How to Compare 2 Hive Partitions?

Nixon Data How to Compare 2 Hive Partitions?

To compare two Hive partitions, you can use a similar approach as when comparing two Hive tables. Here are a few options:

  • Use the EXCEPT operator: You can use the EXCEPT operator to compare the rows in two partitions and return only the rows that are present in the first partition but not in the second. For example:

SELECT * FROM table1
WHERE partition_column = ‘partition1’
EXCEPT
SELECT * FROM table1
WHERE partition_column = ‘partition2’;

  • Use the MINUS operator: You can use the MINUS operator, which is equivalent to the EXCEPT operator, to compare the rows in two partitions and return only the rows that are present in the first partition but not in the second.

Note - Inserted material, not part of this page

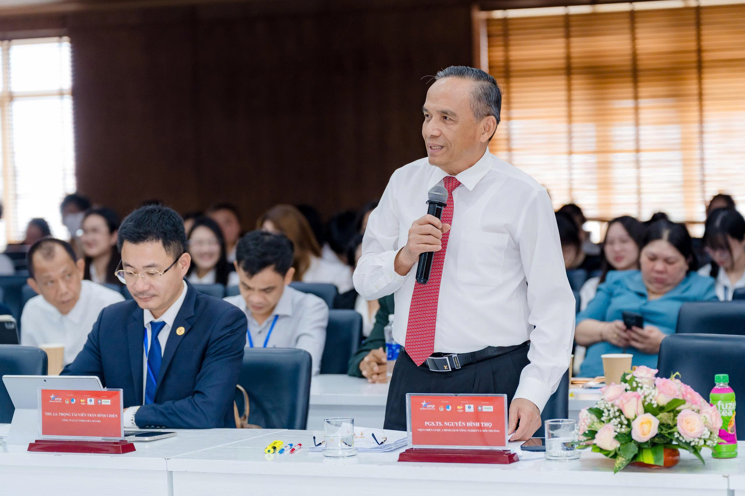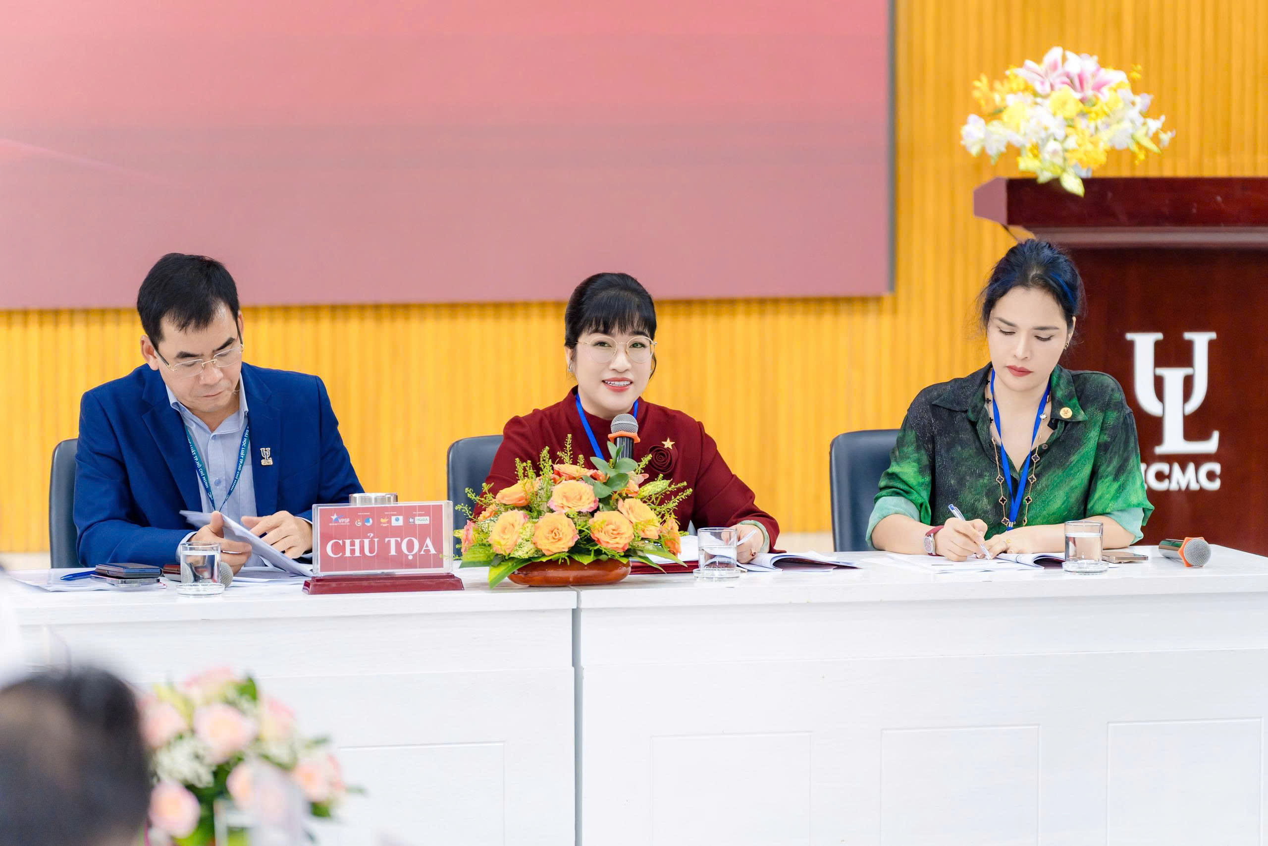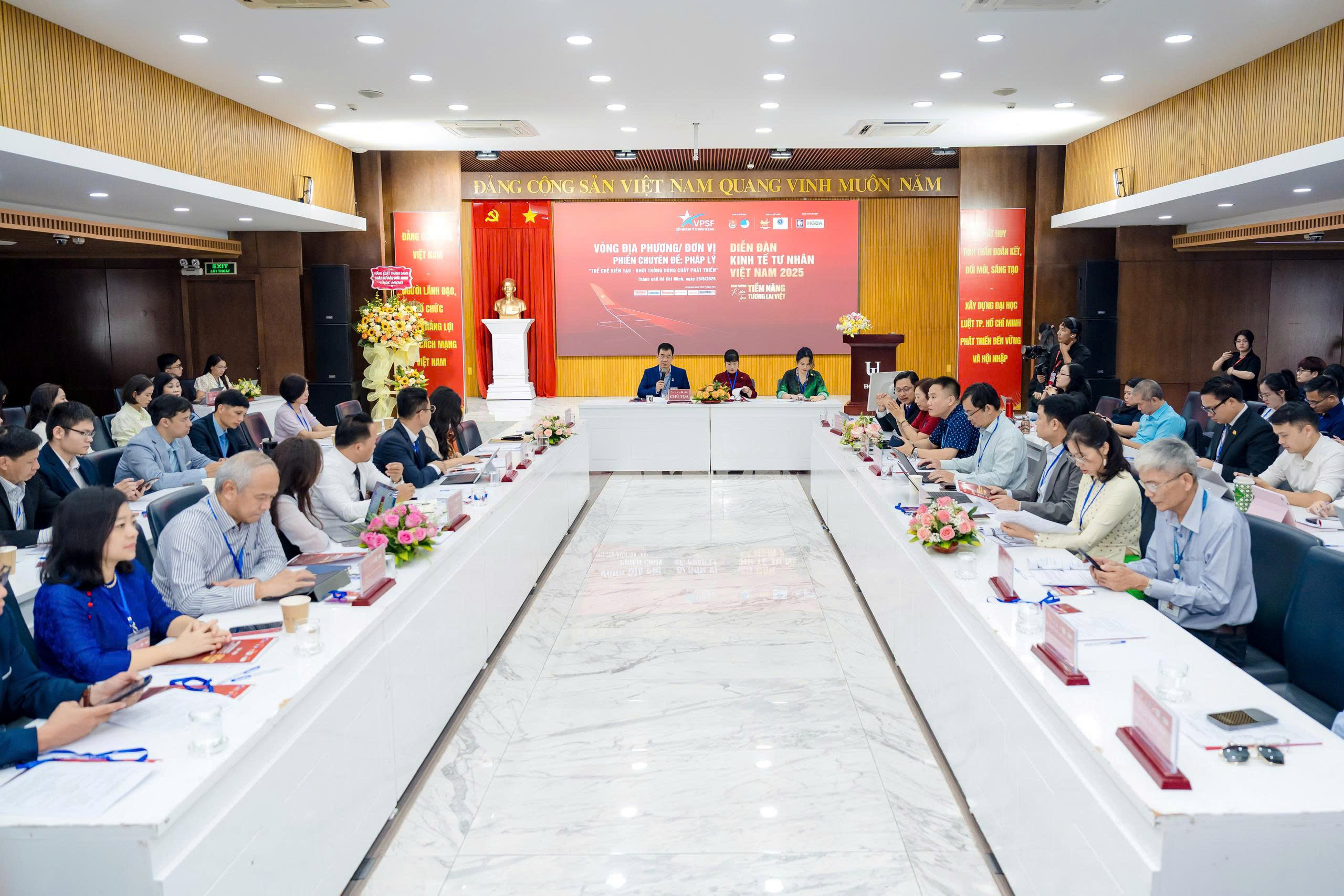 Các Phó Chủ tịch Hội DNT Việt Nam: chị Phạm Thị Bích Huệ, Trưởng BTC VPSF 2025; chị Lưu Thị Thanh Mẫu, Phó Trưởng BTC VPSF 2025, Phó CT Thuờng trực HGBA; TS Lê Trường Sơn, Hiệu trường Trường Đại học Luật TP Hồ Chí Minh; PGS.TS Trần Việt Dũng, Phó Hiệu trường Trường Đại học Luật TP Hồ Chí Minh cùng 200 đại biểu là đại diện các nhà khoa học, học giả, doanh nhân, sinh viên chuyên ngành Pháp lý tham dự Phiên chuyên đề.

For example:

SELECT * FROM table1
WHERE partition_column = ‘partition1’
MINUS
SELECT * FROM table1
WHERE partition_column = ‘partition2’;

  • Use the NOT IN operator: You can use the NOT IN operator to compare the rows in two partitions and return only the rows that are present in the first partition but not in the second. For example:

SELECT * FROM table1
WHERE partition_column = ‘partition1’
AND column1 NOT IN (SELECT column1 FROM table1 WHERE partition_column = ‘partition2’);

  • Use the LEFT JOIN operator: You can use the LEFT JOIN operator to compare the rows in two partitions and return all the rows from the left partition (partition1), along with any matching rows from the right partition (partition2). If there is no match, the right side will be filled with NULL values. For example:

SELECT * FROM table1 partition1
LEFT JOIN table1 partition2
ON partition1.column1 = partition2.column1
AND partition1.partition_column = ‘partition1’
AND partition2.partition_column = ‘partition2’;

  • You can then use the WHERE clause to filter out the rows where the values are the same in both partitions. For example:

SELECT * FROM table1 partition1
LEFT JOIN table1 partition2
ON partition1.column1 = partition2.column1
AND partition1.partition_column = ‘partition1’
AND partition2.partition_column = ‘partition2’
WHERE partition1.column2 <> partition2.column2 OR partition2.column2 IS NULL;

This will return all the rows from partition1 that have different values in column2 compared to partition2, or where there is no matching row in partition2.